Dr. Robert Steele [HREF5], Associate Professor, Department of Computer Systems, Faculty of Information Technology [HREF2], University of Technology, Sydney [HREF3] PO Box 123, Broadway NSW 2007, Australia. rsteele@it.uts.edu.au

John Murphy [HREF4], PhD Candidate, Department of Computer Systems, Faculty of Information Technology [HREF2], University of Technology, Sydney [HREF3] PO Box 123, Broadway NSW 2007, Australia. John.E.Murphy@it.uts.edu.au

Abstract

The retrieval of conceptual information from legal documents depends on the construction of a knowledge representation of the document. A number of interesting research works on legal case knowledge representation have been proposed including frame–like structures, semantic nets and dimensions. However some limitations exist in these works. For instance, some render little inferencing capabilities, some ignore contextual information essential to conceptual retrieval and some give no consideration to semantic interoperability. Our work addresses these limitations by using an open standard ontology language and a refined ontology architecture. Our ontology is easy to maintain, reuse, extend and renders rich inferencing and reasoning capabilities. In addition, a framework is proposed in our work in order to integrate heterogeneous knowledge representations and to reduce the manual effort required for the annotation process by enabling semi-automation of the annotation process.

Key words

Legal case, ontology, conceptual retrieval, OWL, knowledge representation

1 Introduction

The improvement of legal on-line publishing services through more effective and efficient methods of legal knowledge management is becoming increasingly important with the rapid accumulation of legal documents and the increasing availability of on-line legal information services. Most existing on-line legal publishing systems store information in plain text. Without the semantics being well understood by applications, these systems usually rely heavily on the presence of words rather than the concepts standing behind these tokens. As a result, these systems retrieve too much irrelevant data or fail to identify all the relevant documents in their database [1]. To enable applications to intelligently search information, the underlying semantics of documents have to be understood by applications in certain ways. This requires effective knowledge representation methods particularly for the legal domain. Many interesting approaches [2-11] have been proposed to address the representation issues for legal cases, legal statutes or legal knowledge in general. Nevertheless, our interest concentrates on those approaches particularly targeting legal cases representation, such as the semantic net based conceptual structure proposed in [2], the quadrant structure developed in [3 4], the frame-like structure used in [5 6 7], and the dimensions or vectors used in [8 9]. However, there are some limitations with these approaches, i.e., [5 6] render little inferencing capabilities; [2-4 8 9] give no consideration to web associated issues such as semantic interoperation of heterogeneous source and [7] ignore certain contextual information for conceptual searching.

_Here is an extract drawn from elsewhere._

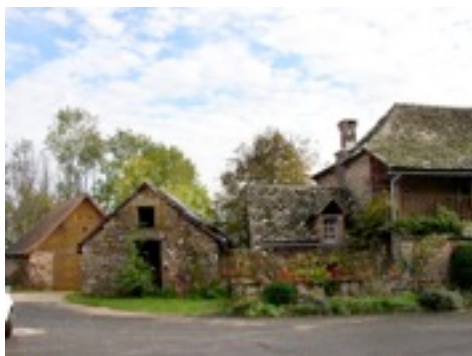
Vue du four depuis la placette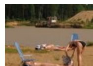
Пляжи Замкадья такие пляжи

This paper presents an approach for building a legal case knowledge base. The open standard language OWL (Web Ontology Language) is used to model the legal case. A framework for mapping other data models to the proposed legal case model is also proposed to address the integration of heterogeneous knowledge representations from distributed web sites. The proposed approach aims at web documents and in particular is motivated by Berners-Lee's vision for the future of the World Wide Web—the semantic web.

The structure of this paper is organized as follows: Section 2 introduces the background knowledge; Section 3 presents the approach applied for designing the legal case ontology; Section 4 describes the process of case repository population; Section 5 demonstrates how and why the developed ontology can enable semantic searching capabilities and discusses some remaining issues.

2 Semantic Web and Legal Case Representation

The Semantic Web is an extension of the World Wide Web, in which web information is expressed in a machine processable form [12]. The most important part of the Semantic Web is its markup language that includes Resource Description Framework (RDF), RDF Schema (RDFS) and Web Ontology Language (OWL). RDF is a data model where Web resources are defined as triples (subject, predicate, object) [13]. RDFS is a vocabulary for describing properties and classes of RDF-based resources. OWL, formally recommended by W3C on 2004 [18], is a relatively new knowledge representation language. OWL builds on RDF and RDFS and facilitates greater machine interpretability of Web content by providing additional vocabulary along with a formal semantic [14]. OWL’s semantics derives from description logics therefore OWL has attractive and well-understood computational properties [18].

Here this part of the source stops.